= R. Sivaraman =

Indian politician

R. Sivaraman (died 2007) was an Indian politician and a Member of the Legislative Assembly. He was elected to the Tamil Nadu legislative assembly as a Dravida Munnetra Kazhagam (DMK) candidate from Tiruppattur (194) constituency in the 1996 election.

Sivaraman contested the Tiruppattur constituency again in 2001, when he was runner-up to K. K. Umadhevan of the All India Anna Dravida Munnetra Kazhagam.

Supporters of Sivaraman were initially unhappy when the DMK decided not to let him run for the Tiruppattur seat in 2006. They were placated when he was given the opportunity to stand instead for the Sivaganga constituency.

More violent incidents with which Sivaraman, who owned a stone quarry, became associated occurred in 2007. In February, he was arrested on an allegation of hiring a group of henchmen to damage the offices of a business rival and attack staff there.

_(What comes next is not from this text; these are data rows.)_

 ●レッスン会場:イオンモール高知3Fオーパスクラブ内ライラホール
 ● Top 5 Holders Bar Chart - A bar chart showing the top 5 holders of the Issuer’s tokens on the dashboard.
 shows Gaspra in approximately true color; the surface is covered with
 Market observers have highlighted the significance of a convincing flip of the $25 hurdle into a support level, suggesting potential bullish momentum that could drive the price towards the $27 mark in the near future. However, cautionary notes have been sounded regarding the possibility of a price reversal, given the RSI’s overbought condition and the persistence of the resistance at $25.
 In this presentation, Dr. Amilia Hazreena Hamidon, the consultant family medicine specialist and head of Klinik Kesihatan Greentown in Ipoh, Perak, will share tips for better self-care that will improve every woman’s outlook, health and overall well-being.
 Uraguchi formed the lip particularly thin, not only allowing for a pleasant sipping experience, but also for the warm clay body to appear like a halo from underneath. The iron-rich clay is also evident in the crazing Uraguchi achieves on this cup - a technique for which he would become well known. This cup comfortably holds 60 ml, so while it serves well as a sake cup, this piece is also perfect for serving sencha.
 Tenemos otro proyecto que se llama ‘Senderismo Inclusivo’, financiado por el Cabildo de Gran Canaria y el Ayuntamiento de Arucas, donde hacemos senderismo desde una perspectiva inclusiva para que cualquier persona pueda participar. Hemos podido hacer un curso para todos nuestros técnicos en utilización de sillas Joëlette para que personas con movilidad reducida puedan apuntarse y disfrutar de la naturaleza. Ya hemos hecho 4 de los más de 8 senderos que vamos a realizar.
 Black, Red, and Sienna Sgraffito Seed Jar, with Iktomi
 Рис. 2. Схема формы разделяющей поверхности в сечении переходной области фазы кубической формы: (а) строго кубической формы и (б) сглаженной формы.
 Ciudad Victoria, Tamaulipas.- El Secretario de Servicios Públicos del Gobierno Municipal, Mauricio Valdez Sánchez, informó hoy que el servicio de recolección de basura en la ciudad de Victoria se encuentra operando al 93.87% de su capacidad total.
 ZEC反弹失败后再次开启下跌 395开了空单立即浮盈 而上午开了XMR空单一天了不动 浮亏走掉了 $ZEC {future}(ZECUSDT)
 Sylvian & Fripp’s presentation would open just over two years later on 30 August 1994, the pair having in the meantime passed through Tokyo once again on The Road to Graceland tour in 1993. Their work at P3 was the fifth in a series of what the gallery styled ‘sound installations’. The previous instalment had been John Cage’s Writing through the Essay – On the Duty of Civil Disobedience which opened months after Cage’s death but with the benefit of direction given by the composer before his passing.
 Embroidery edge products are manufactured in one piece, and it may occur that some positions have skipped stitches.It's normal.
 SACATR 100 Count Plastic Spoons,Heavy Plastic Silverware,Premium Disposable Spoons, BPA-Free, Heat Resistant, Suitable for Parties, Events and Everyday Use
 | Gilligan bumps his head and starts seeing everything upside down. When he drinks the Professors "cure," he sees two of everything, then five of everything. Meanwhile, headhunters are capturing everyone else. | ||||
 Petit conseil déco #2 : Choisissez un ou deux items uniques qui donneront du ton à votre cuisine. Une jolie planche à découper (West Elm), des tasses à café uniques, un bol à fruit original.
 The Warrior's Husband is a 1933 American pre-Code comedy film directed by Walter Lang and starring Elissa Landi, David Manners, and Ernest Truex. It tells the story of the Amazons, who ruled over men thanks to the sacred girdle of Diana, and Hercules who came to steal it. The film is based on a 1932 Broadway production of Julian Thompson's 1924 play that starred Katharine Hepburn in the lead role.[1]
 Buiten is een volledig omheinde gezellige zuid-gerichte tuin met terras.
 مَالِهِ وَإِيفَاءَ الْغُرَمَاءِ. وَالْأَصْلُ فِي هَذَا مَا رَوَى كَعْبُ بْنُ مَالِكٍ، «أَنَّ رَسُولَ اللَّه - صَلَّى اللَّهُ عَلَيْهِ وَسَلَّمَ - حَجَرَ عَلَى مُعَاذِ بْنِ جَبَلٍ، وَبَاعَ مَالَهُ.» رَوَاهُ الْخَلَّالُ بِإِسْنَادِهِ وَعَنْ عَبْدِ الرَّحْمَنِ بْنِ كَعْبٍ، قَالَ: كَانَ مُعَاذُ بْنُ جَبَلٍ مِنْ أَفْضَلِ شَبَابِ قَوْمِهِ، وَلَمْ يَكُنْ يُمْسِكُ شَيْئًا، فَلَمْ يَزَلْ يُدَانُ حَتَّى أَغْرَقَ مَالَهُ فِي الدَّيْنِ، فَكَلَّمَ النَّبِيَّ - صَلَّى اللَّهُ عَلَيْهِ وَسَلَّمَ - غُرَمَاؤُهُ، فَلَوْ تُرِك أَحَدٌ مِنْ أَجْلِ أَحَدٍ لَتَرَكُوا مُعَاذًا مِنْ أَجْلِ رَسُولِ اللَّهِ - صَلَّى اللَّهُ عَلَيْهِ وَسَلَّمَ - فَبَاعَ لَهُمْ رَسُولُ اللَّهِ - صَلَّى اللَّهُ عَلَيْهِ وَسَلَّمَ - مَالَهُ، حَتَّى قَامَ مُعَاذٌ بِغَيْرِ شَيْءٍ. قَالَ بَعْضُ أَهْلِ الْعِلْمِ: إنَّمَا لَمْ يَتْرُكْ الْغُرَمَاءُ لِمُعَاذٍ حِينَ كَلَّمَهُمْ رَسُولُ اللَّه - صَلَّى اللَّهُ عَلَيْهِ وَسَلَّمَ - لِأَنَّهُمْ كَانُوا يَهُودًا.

Then, in June, an explosion that resulted in many injuries and two deaths, including that of P. Murugan, was considered by police to involve a dispute between a faction within the DMK led by Sivaraman and another led by K. R. Periyakaruppan. Murugan was of Sivaraman's group.

Sivaraman died in hospital, aged 46, on 8 July 2007. He was survived by his wife and two children.